PROBLEM REQUIREMENTS>
Starting at the first line of the listing below, repeat each line up to and including the one containing "Realistic 3D space". Leave out pictures.

*** Opening INPUT DATA ***

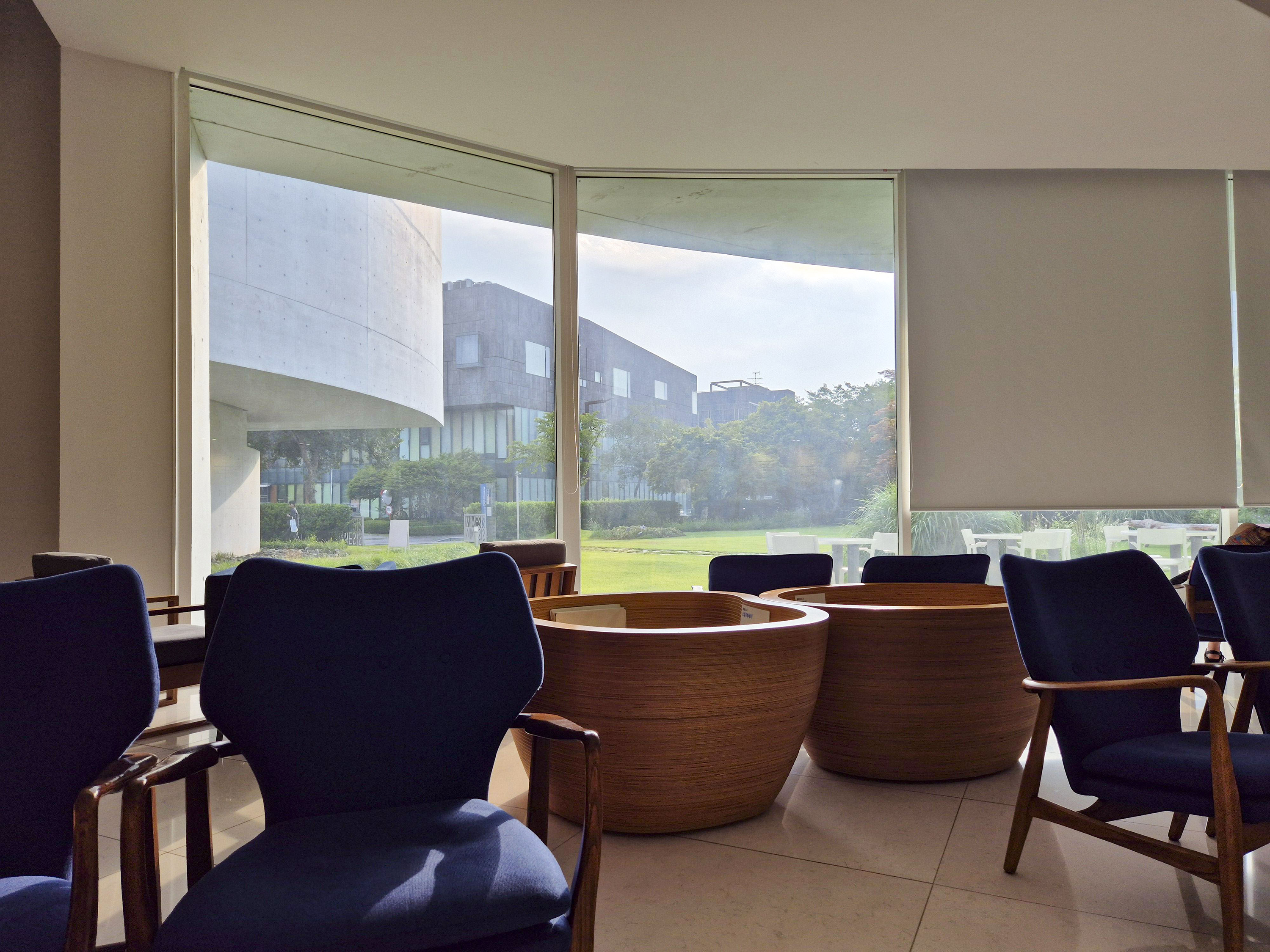 우선 파주 미메시스 아트 뮤지엄 카페의 내부 모습을 보여드리도록 하겠습니다. 보시는 것처럼 전면부에 큰 창이 있기 때문에 자연 채광이 환하게 들어온다는 장점을 보유하고 있습니다. 한여름에는 제법 뜨거울 수 있지만, 분위기 자체가 굉장히 좋으며, 특히 겨울에는 햇볕이 들어오는 자리에 앉으면 편안함과 따스함을 함께 느낄 수 있습니다. 게다가 넓은 마당으로 인해 개방감도 굉장히 뛰어납니다.
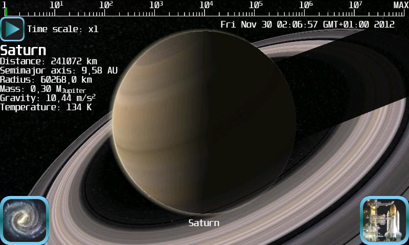 Realistic 3D space travel simulator and planetarium.
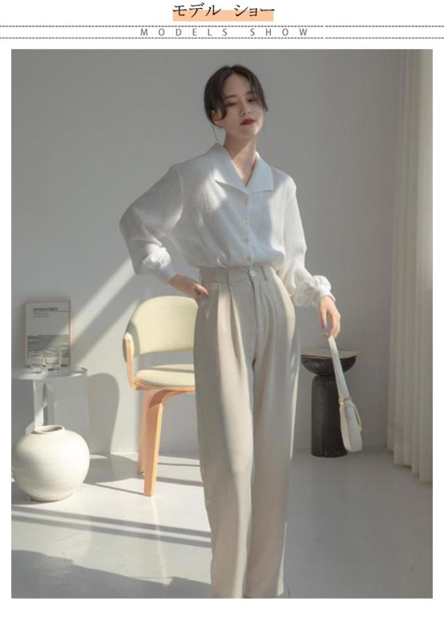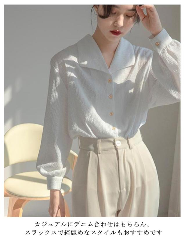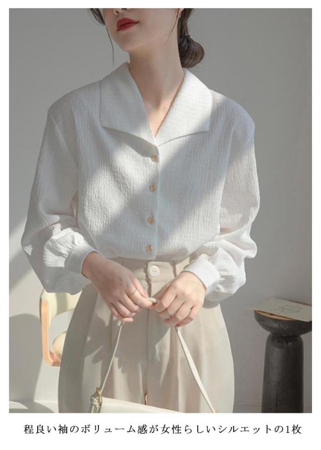 シャツ ブラウス レディース 開襟シャツ ボリューム袖 長袖シャツ バルーン袖 バルーンスリーブ トップス 大きいサイズ ゆったり ブラウス 無地 体型カバー 表面感 上品 大人可愛い きれいめ オフィス カジュアル フォーマル 通勤 春 夏 秋 秋服 オールシーズン 送料無料

*** Closing INPUT DATA ***

EXERCISE SOLUTION>
 우선 파주 미메시스 아트 뮤지엄 카페의 내부 모습을 보여드리도록 하겠습니다. 보시는 것처럼 전면부에 큰 창이 있기 때문에 자연 채광이 환하게 들어온다는 장점을 보유하고 있습니다. 한여름에는 제법 뜨거울 수 있지만, 분위기 자체가 굉장히 좋으며, 특히 겨울에는 햇볕이 들어오는 자리에 앉으면 편안함과 따스함을 함께 느낄 수 있습니다. 게다가 넓은 마당으로 인해 개방감도 굉장히 뛰어납니다.
 Realistic 3D space travel simulator and planetarium.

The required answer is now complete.